Афанасьевский и советские делегаты были в явном смятении. Ельцин издал указ о взятии под свой контроль Кремля, а также министерств иностранных и внутренних дел только накануне вечером, и поэтому посол полностью осознавал шаткость своего положения. Нервничая, он начал со своих подготовленных замечаний, приветствуя «это новое сотрудничество между бывшими врагами». Затем он зачитал письмо Ельцина, которым отсутствовавший российский президент пытался оставить свой след на заседании. Ельцин призвал к созданию «климата взаимопонимания и доверия, укреплению стабильности и сотрудничества на европейском континенте». Он сказал, что стремится развивать этот диалог с НАТО «во всех направлениях, как на политическом, так и на военном уровнях». В его письме даже говорилось: «Сегодня мы поднимаем вопрос о членстве России в НАТО, однако рассматриваем это как долгосрочную политическую цель»[1394]
.Министры были ошеломлены. Если воспринимать это всерьез, это означало, что NACC придется учитывать желание государств Центральной и Восточной Европы бежать от российского «медведя», а также открытое желание самого Медведя стать частью разрозненного западного зверинца. Совместить оба стремления было бы чрезвычайно сложно для НАТО[1395]
. Но после краткого шока министры приступили к повестке дня и по очереди представили свои собственные заявления.Встреча длилась четыре часа, и Афанасьевский несколько раз выбегал, чтобы ответить на телефонные звонки из Москвы. В конце, как раз в тот момент, когда генеральный секретарь НАТО просматривал заключительное коммюнике, «побледневший» Афанасьевский сообщил Уорнеру, что ему нужно немедленно взять слово. Теперь уже счастливая группа министров иностранных дел замолчала, когда советский посол объявил, что его страны больше нет. Действительно, он получил инструкции из Москвы о том, что после консультаций между «Суверенными государствами, пришедшими на смену Советскому Союзу», все ссылки на СССР должны быть удалены из окончательного коммюнике. Но документ уже был распространен среди прессы, поэтому Уорнеру пришлось бы сделать дополнительное заявление, объясняющее изменение, и вставить дополнение к коммюнике на пресс-конференции после завершения NACC.

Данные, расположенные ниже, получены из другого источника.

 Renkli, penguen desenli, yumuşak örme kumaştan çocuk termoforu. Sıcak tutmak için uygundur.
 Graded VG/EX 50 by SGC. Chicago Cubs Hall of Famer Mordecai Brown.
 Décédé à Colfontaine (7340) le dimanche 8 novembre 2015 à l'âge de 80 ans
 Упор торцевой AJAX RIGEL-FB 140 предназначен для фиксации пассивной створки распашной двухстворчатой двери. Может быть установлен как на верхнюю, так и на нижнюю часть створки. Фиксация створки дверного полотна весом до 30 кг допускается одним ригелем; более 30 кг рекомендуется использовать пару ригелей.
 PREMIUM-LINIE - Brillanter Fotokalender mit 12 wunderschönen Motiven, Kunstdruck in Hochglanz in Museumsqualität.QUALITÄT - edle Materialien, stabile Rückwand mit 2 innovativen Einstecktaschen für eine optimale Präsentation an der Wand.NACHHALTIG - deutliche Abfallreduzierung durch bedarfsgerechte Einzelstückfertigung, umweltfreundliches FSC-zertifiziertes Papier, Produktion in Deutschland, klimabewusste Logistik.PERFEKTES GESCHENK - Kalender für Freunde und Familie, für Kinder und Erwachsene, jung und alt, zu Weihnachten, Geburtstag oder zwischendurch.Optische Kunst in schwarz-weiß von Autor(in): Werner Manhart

«Это был драматический момент», – сказал позже журналистам министр иностранных дел Нидерландов Ханс ван ден Брук. «Это действительно показывает, в каком вихре мы находимся». Другой коллега добавил: «Мы начали встречу с присутствием двадцати пяти стран, а закончили двадцатью четырьмя». Итак, заметил американский чиновник, «мы увидели, как Советский Союз исчез прямо на наших глазах»[1396]

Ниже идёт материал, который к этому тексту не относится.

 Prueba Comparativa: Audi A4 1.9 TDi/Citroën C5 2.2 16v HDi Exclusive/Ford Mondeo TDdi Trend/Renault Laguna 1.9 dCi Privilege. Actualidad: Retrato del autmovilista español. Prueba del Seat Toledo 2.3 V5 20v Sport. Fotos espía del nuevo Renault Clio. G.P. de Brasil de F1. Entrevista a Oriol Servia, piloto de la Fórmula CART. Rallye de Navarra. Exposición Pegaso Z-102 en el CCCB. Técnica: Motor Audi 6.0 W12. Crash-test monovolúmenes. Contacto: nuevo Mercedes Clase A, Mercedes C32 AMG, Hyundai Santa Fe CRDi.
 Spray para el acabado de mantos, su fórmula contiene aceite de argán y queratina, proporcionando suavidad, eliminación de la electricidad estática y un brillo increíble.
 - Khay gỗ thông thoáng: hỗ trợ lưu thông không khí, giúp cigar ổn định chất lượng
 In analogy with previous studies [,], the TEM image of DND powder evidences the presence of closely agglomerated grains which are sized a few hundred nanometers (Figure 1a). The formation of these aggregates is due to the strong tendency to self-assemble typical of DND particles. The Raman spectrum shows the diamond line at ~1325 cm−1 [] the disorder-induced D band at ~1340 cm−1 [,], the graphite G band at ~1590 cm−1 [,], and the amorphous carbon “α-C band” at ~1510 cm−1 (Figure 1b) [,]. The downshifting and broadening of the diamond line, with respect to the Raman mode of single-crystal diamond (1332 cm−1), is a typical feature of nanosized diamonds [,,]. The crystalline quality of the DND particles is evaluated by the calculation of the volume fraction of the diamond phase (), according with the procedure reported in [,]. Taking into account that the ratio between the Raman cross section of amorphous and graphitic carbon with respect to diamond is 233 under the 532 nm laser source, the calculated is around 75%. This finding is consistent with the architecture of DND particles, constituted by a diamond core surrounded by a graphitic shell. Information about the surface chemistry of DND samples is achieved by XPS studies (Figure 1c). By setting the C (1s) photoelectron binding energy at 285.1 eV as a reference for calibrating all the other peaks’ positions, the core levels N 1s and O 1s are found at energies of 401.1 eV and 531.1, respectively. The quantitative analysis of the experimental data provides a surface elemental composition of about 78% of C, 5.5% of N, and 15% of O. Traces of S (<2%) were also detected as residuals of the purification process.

.Действительно, за исчезновением, визуально запечатленным в международных средствах массовой информации, мог наблюдать весь мир. В 7.35 вечера на западное Рождество 1991 г. красный флаг был навсегда спущен с флагштока Кремля. Десять минут спустя он был заменен бело-сине-красным триколором Российской Республики[1397]
.Рождественским утром президент Соединенных Штатов в последний раз разговаривал по телефону с лидером Советского Союза. Буш нашел это «очень трогательным» – в нем была «настоящая историческая нота». Несмотря на мрачность, Горбачев не позволял себе ни горечи, ни взаимных обвинений. Он пожелал Бушу и его семье счастливого Рождества и поблагодарил за их дружбу, но ему нужно было донести до них два принципиальных вопроса – о том, что будет после распада СССР, и что будет с его ядерным арсеналом.
«Дебаты в нашем союзе о том, какое государство создать, пошли по другому пути, чем я считал правильным», – признался он. Теперь это все в прошлом. «Необходимо двигаться к признанию всех этих стран. Но я хотел бы, чтобы вы имели в виду важность для будущего содружества того, чтобы процесс распада и разрушения не усугублялся. Так что помогать процессу сотрудничества между республиками – наш общий долг». Он попросил Буша отнестись к этому серьезно.
«Теперь о России, – продолжил он, – это второй по важности акцент в наших разговорах». Он сказал Бушу, что в тот же вечер уйдет в отставку как с поста президента СССР, так и с поста его главнокомандующего, передав полномочия по распоряжению ядерным оружием президенту Российской Федерации. «Итак, я веду дела до завершения конституционного процесса. Я могу заверить вас, что все находится под строгим контролем». Как Горбачев знал из других недавних звонков, это было важное сообщение, которое нужно было донести, потому что Буш, как всегда, был обеспокоен перспективой распространения ядерного оружия и кошмарного погружения в анархию – даже Армагеддон.